Theater News

Helen Carey, Edward Hall, Christopher Hampton, Roger Rees, Mark Rylance Set for Guthrie Theater’s 2012-2013 Season

Dan Bacalzo

Dan Bacalzo

| Minneapolis/St. Paul |

April 17, 2012

Mark Rylance
(© Tristan Fuge)
Mark Rylance
(© Tristan Fuge)

The Guthrie Theater has announced the 11 mainstage productions for its 2012-2013 season, which will be the theater’s 50th.

As previously reported, the Guthrie is celebrating the British playwright, screenwriter and director Christopher Hampton this year. This will include Tales from Hollywood (September 15 – October 27, 2012), the historically based, sharp-witted story of German intellectual émigrés, to be directed by Ethan McSweeny on the Wurtele Thrust Stage. Meanwhile, on the McGuire Proscenium Stage will be the Guthrie commission of the new play, Appomattox (September 29 – November 11), a wide-ranging work of historical scope encompassing the Civil War and Civil Rights eras of American history, directed by David Esbjornson.

Other offerings on the Wurtele Thrust Stage include Dickens’ A Christmas Carol (November 13-December 29), adapted by Crispin Whittell, and directed by Joe Chvala and starring J.C. Cutler returns for a second consecutive year in his acclaimed performance as Ebenezer Scrooge. Joe Dowling will direct Eugene O’Neill’s Long Day’s Journey into Night (January 13-December 29), starring Helen Carey and Peter Michael Goetz.

Edward Hall will direct Britain’s all-male Propeller company in its productions of the Shakespeare plays Twelfth Night and The Taming of the Shrew (February 27 – April 6).

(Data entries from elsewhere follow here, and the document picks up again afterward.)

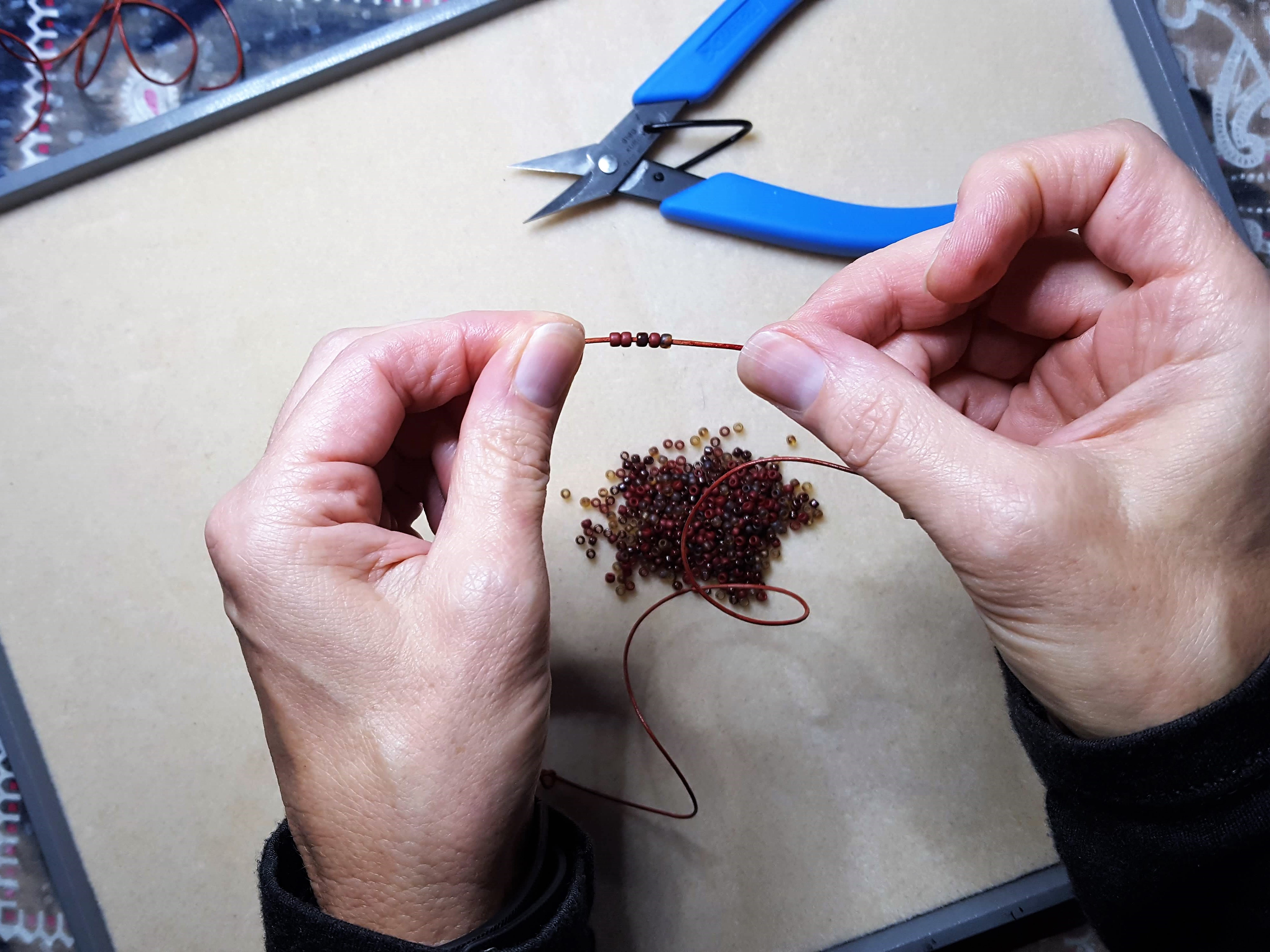 Start stringing beads on the 18” piece of leather. You can create a pattern, or string the beads totally randomly like I did.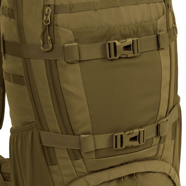 Highlander Eagle 3 Backpack 40L Coyote Tan (TT194-CT) - місткий і надійний рюкзак для тривалих виходів. Модель виготовлена із міцного водостійкого поліестеру 600D XTP із поліуретановим покриттям, має систему кріплень MOLLE, велике відділення на блискавках для зберігання спорядження в польових умовах, а також дві еластичні бічні кишені. М'яка спинка, компресійні ремені та ручка для перенесення роблять цей рюкзак зручним для користування. Регульовані лямки з м’якими підкладками та регульований поясний ремінь розподіляють навантаження, щоб забезпечити Вам комфорт під час щоденного носіння. Все це гарантує, що даний рюкзак витримає тривалу експлуатацію.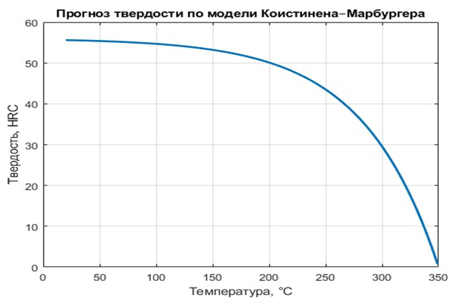 Прогноз твёрдости строится на предположении, что итоговая твёрдость пропорциональна доле мартенсита:

Roger Rees will helm the world premiere of The Primrose Path (April 27-June 15), written by Crispin Whittell and based upon the novel Home of the Gentry by Ivan Turgenev. The final work on the Wurtele for the season will be Born Yesterday (July 6 – August 31, 2013), by Garson Kanin, directed by John Miller-Stephany.

In addition to Appomattox, production s on the McGuire Proscenium Stage will include The Servant of Two Masters (December 1-January 20), by Carlo Goldoni, adapted by Constance Congdon from a translation by Christina Sibul and directed by Christopher Bayes. Steven Epp stars as Truffaldino. Jon Robin Baitz’s Other Desert Cities (February 9-March 24) will be directed by Peter Rothstein.

The Guthrie will present the world premiere of Nice Fish (April 6-May 18), by Mark Rylance and Louis Jenkins, based on the book of poetry by Louis Jenkins, and directed by Rylance with Claire van Kampen. The piece centers on two men have gone ice fishing on the last day of the season. The final McGuire production of the season will be Bruce Norris’ Pulitzer Prize-winning Clybourne Park (June 1 – August 4, 2013).